Corps chrétien
ou les œufs à la sauce aurore
Je me suis levée ce matin avec une idée bien précise : manger des œufs sauce aurore avant la fin de la journée. Je ne m’explique pas d’où vient cette envie de manger des œufs précisément selon cette recette. Je me lève avec ça, comme une obsession qui me dépasse. Je ne me souviens pas quand j’en ai mangé pour la dernière fois. Je me souviens seulement du plat, profond, dans lequel il fallait aller chercher à la louche les œufs durs, immergés dans la sauce rosée.

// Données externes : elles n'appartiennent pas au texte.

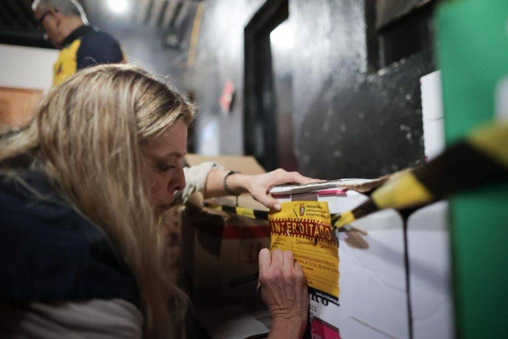 Numa das interdições nesta quinta (2), em M’Boi Mirim, houve a apreensão de seis caixas (60 garrafas) de vodka do mesmo lote apreendido na distribuidora de Barueri na quarta (1). Além disso, foram encontradas caixas abertas, rotulagem errada, e no espaço havia roedores, baratas, alimentos e água de coco vencidos e carne sem controle de temperatura.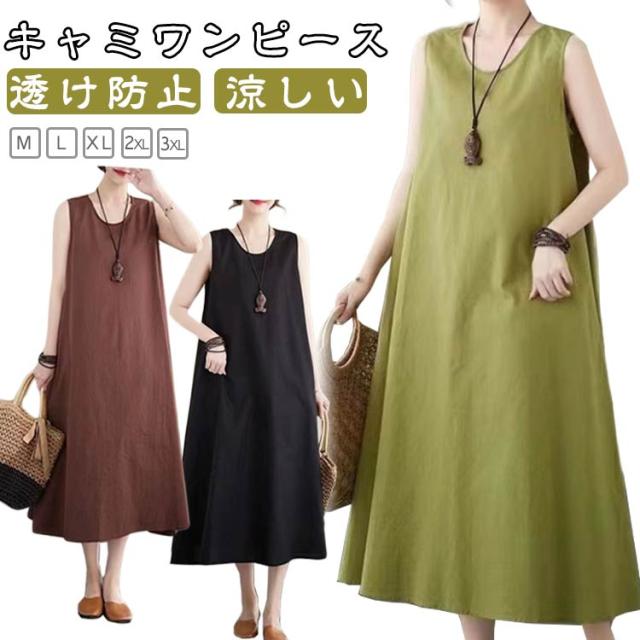 キャミワンピース インナー 秋 ペチコート レディース タンクトップ ワンピ キャミ 春 インナーワンピース 麻 Aライン ロングワンピース シンプル 無地ワンピ 夏 薄手 涼しい キャミワンピ ワンピ下 カジュアル ナチュラル 透け防止 キャミソールワンピース 送料無料

La dernière fois, je crois que j’étais enfant.
Je n’ai pas la recette donc j’appelle ma mère pour l’obtenir. Écoute il m’arrive un truc bizarre, je me suis levée avec une envie incroyable d’œufs à la sauce aurore, je ne sais pas d’où ça sort. Éclat de rire et une réponse. Eh bien tu es complètement à jour. C’est le plat qu’on préparait pour Pâques autrefois. La rupture du Carême c’est toujours le moment où les poules pondent le plus donc on faisait des œufs sauce aurore pour tout le monde.
Et dire que nous sommes samedi 11 avril 2020 donc, pour être plus précise, selon un certain calendrier, nous sommes le samedi qui suit le vendredi saint et précède le dimanche de Pâques. Aujourd’hui, précisément, s’achève le Carême.
Alors voilà, je voudrais bien prendre cette histoire comme un hasard mais je ne peux pas.
Je n’ai pourtant aucun appétit pour la chose religieuse et n’entretient aucune des traditions chrétiennes autrefois célébrées mais, voilà, ce matin je dois bien admettre une évidence : le calendrier est intégré jusque dans les tripes. Quoique j’en dise et contre ma volonté, cette envie matinale à l’approche de Pâques révèle quelques stigmates : j’ai le corps chrétien sans possibilité de négocier.